#### What to do
Using the listing below, please print exactly the lines from the one with "신세대 답다. 이승우가" through the one with "In the autumn". Leave out every picture.

#### Data to process
# # #
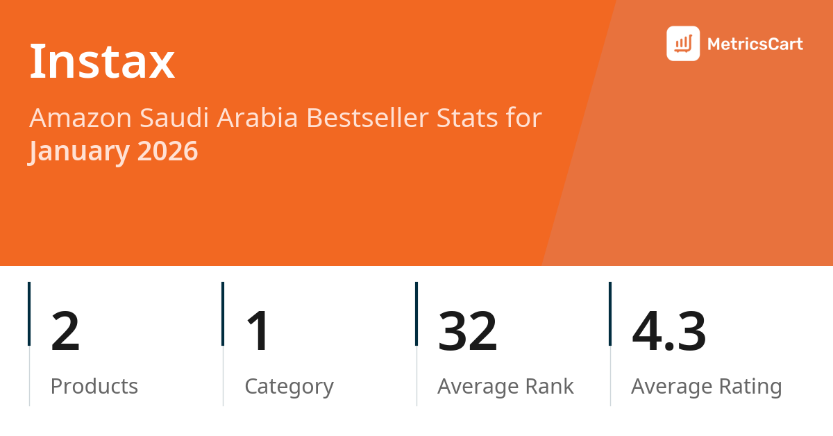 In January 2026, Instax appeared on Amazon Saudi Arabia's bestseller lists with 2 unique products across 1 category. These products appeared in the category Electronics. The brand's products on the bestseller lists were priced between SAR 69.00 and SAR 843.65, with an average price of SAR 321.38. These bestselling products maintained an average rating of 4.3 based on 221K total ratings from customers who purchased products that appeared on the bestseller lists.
# # #
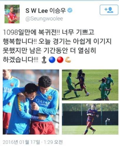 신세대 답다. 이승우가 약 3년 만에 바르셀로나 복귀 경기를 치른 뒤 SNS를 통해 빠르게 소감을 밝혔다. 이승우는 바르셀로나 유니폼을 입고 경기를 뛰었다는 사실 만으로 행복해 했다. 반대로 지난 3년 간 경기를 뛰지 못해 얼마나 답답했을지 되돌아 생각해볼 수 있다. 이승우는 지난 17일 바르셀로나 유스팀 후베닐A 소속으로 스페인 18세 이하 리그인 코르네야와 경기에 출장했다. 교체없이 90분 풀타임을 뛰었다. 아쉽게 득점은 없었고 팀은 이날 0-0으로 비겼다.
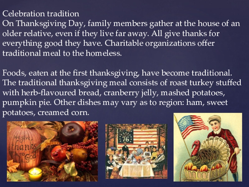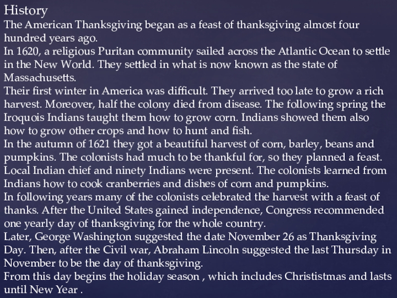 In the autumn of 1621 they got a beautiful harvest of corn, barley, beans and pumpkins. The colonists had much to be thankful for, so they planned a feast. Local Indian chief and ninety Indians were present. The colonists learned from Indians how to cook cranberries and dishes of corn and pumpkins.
# # #
#### Task result
 신세대 답다. 이승우가 약 3년 만에 바르셀로나 복귀 경기를 치른 뒤 SNS를 통해 빠르게 소감을 밝혔다. 이승우는 바르셀로나 유니폼을 입고 경기를 뛰었다는 사실 만으로 행복해 했다. 반대로 지난 3년 간 경기를 뛰지 못해 얼마나 답답했을지 되돌아 생각해볼 수 있다. 이승우는 지난 17일 바르셀로나 유스팀 후베닐A 소속으로 스페인 18세 이하 리그인 코르네야와 경기에 출장했다. 교체없이 90분 풀타임을 뛰었다. 아쉽게 득점은 없었고 팀은 이날 0-0으로 비겼다.
 In the autumn of 1621 they got a beautiful harvest of corn, barley, beans and pumpkins. The colonists had much to be thankful for, so they planned a feast. Local Indian chief and ninety Indians were present. The colonists learned from Indians how to cook cranberries and dishes of corn and pumpkins.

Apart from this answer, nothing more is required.